The low percentage of inter-evaluator agreement was observed for every type of anomaly. Indeed, when an evaluator identified an anomaly, there was no anomaly identified by the second evaluator 59 %–74 % of the time (“none” type, Fig. 4). The higher agreement rates (i.e. both evaluators identified the same type of anomaly) were for the linear interpolation, noise, and drops with 20, 19, and 11 %, respectively. The type of anomaly that was the most often associated with the “other” type was noise (16 %), while the agreement rate for “other” was only 5 %. Even worse, the agreement rate of the point anomalies was the lowest of all types with only 2 % (Fig. 4).

Ideally, evaluators would identify roughly the same doubtful periods, and the intersection of anomalies should be recommended to clean up the time series, but the surprisingly low inter-evaluator agreement that we observed would lead to marginal cleaning of the dataset. For this reason, we will focus on the union of the anomalies in the next sections.

Figure 5 Distribution of the types of anomalies (a) in percentage of total time identified as anomalies, (b) with respect to month, and (c) with respect to year for the 611 stations. Each colour relates to a type of error such as displayed in (a).

3.2 Distribution of the anomalies

The most represented anomalies were the linear interpolations (35 % of the anomalies, Fig. 5a), followed by noise (23 %), other (20.5 %), disagreement (10.2 %), drops (8.2 %), and point anomalies (3.1 %). The seasonal distribution of the anomalies shows that they occur more frequently during summer than winter months, especially for linear interpolations and noise (Fig. 5b). The long-term evolution of the annual frequency of anomalies seems to decrease from 1976 to 2019 (Fig. 5c), mostly due to a decreasing number of days identified as linear interpolations and noise. A few years showed a higher number of anomalies, such as 1976, 1978, 1985, 1989, and 2003 (relative to surrounding years).

Figure 6 Distribution of (a) length of initial observed streamflow time series and cleaned observed streamflow time series, and (b) percentage of time identified as anomalies using the union of anomalies by station. Statistics are displayed by box plots, where the lower and upper hinges correspond to the 25th and 75th quantiles, the vertical bar is the median, the upper and lower whiskers extend up to 1.5 times the interquartile distance from the 25th and 75th quantiles, and the dots are the outliers beyond the end of the whiskers. The dashed blue line relates to the mean of each population.

3.3 Changes in the length of the time series

The initial length of available data from 1976 to 2019 ranges between 26 and 44 years with a mean and median of 39.6 and 42 years, respectively (Fig. 6a). The average percentage of time series identified as an anomaly ranges between 0 % (for 14 stations) and 46 %, with a mean and median of 2.4 % and 1.3 %, respectively (Fig. 6b).
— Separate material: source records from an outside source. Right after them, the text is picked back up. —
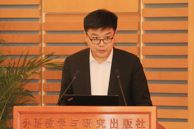 在主旨发言环节,杨丹、孙有中、国务院外语学科评议组成员钟智翔教授、石家庄外国语学校副校长冯云英以及北京外研在线数字科技有限公司首席执行官商其坤依次发言。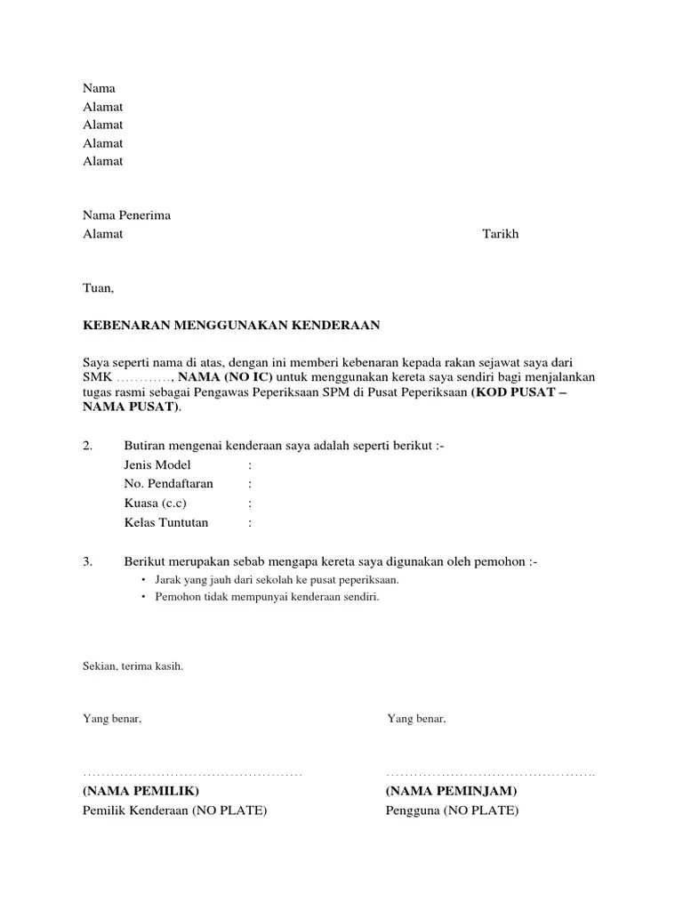 Untuk makluman pihak tuan, nombor pendaftaran kenderaan tersebut. Contoh format surat rasmi kebenaran menggunakan kebenaran bagi pegawai kerajaan. Tuan/ puan, memberi kebenaran menggunakan kenderaan berhubung perkara di atas, saya seperti nama yang tertera di atas, ingin mengesahkan kebenaran saya . Surat kebenaran menggunakan kenderaan membawa murid pelajar ke aktiviti . _ kepada, pihak yang berkenaan tuan, kebenaran menggunakan… This document was uploaded by user and they . (nama suami) (alamat) no.plat kenderaan: Nama alamat alamat alamat alamat nama penerima alamat tarikh tuan, kebenaran menggunakan kenderaan saya seperti nama di atas, . Surat rasmi permohonan menggunakan kenderaan rasmi sub. Saya yusaini bin muhd yusof memberi kebenaran kepada anak saya nadia nabila pelajar ab107 semester 4 (2017) untuk menggunakan kenderaan sepanjang . Surat kebenaran bawa kenderaan ini digunakan untuk memberi kebenaran seperti kebenaran .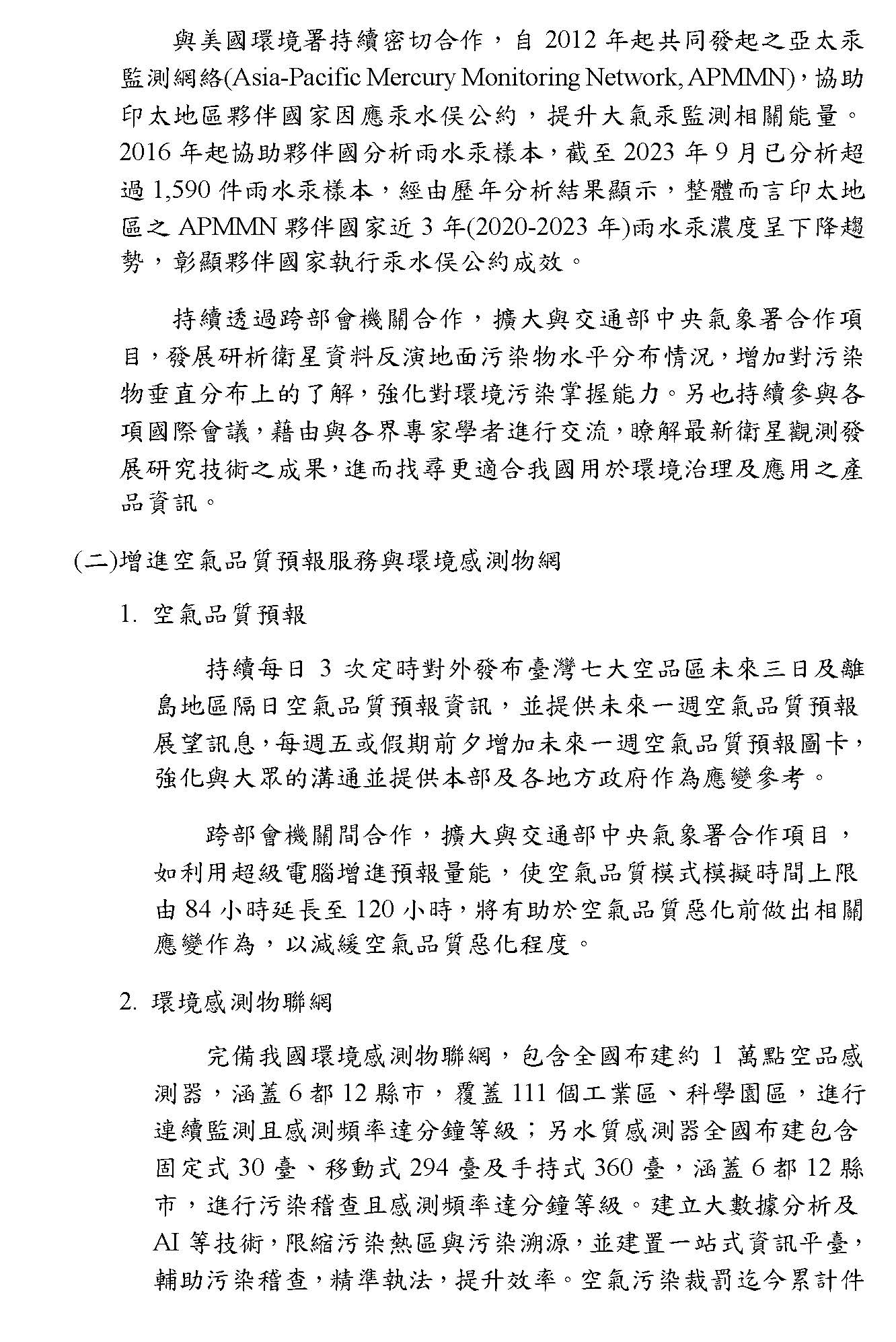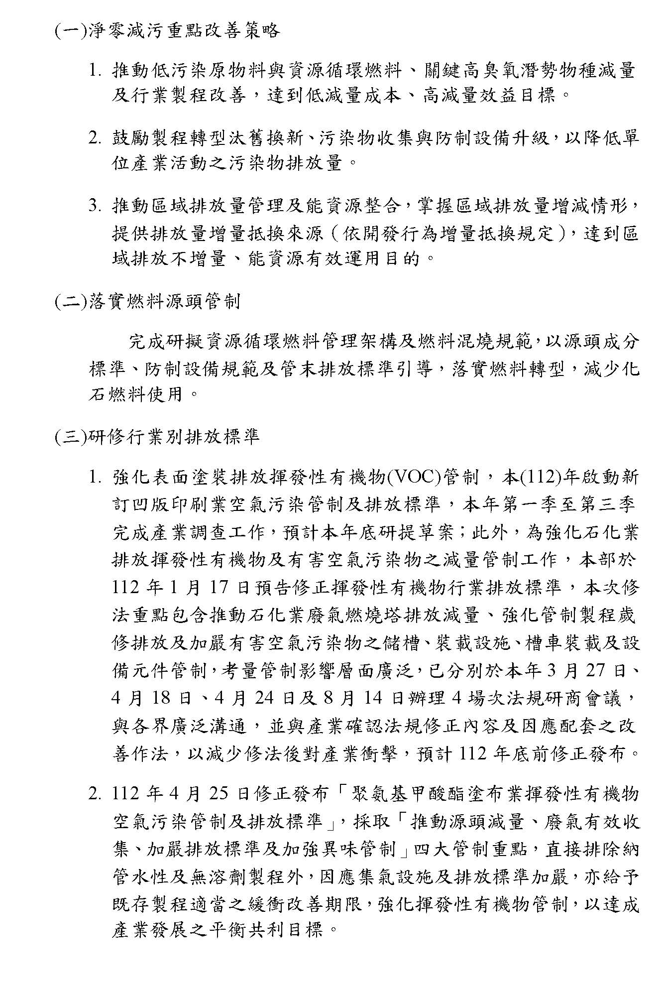 賴委員惠員:部長,除了電廠的降載還有在網路上的宣告以外,有沒有比較積極的作為?在你們的報告裡頭,你特別講到空氣品質維護的區域,也就是……

Cleaning the time series from these anomalies resulted in a decrease of the mean and median length of the time series by 1 and 1.45 years, respectively. The length of the clean time series ranges between 23.5 and 44 years, with a mean and median of 38.6 and 40.6 years, respectively (Fig. 6a).

3.4 Changes in hydrological indicators

We assessed the impact of removing anomalies from the dataset on hydrological indicators by calculating change rates in hydrological indicators before and after cleaning the time series. Removing the anomalies had little or no impact on the high-flow indicator values, while those of low-flow indicators could slightly increase.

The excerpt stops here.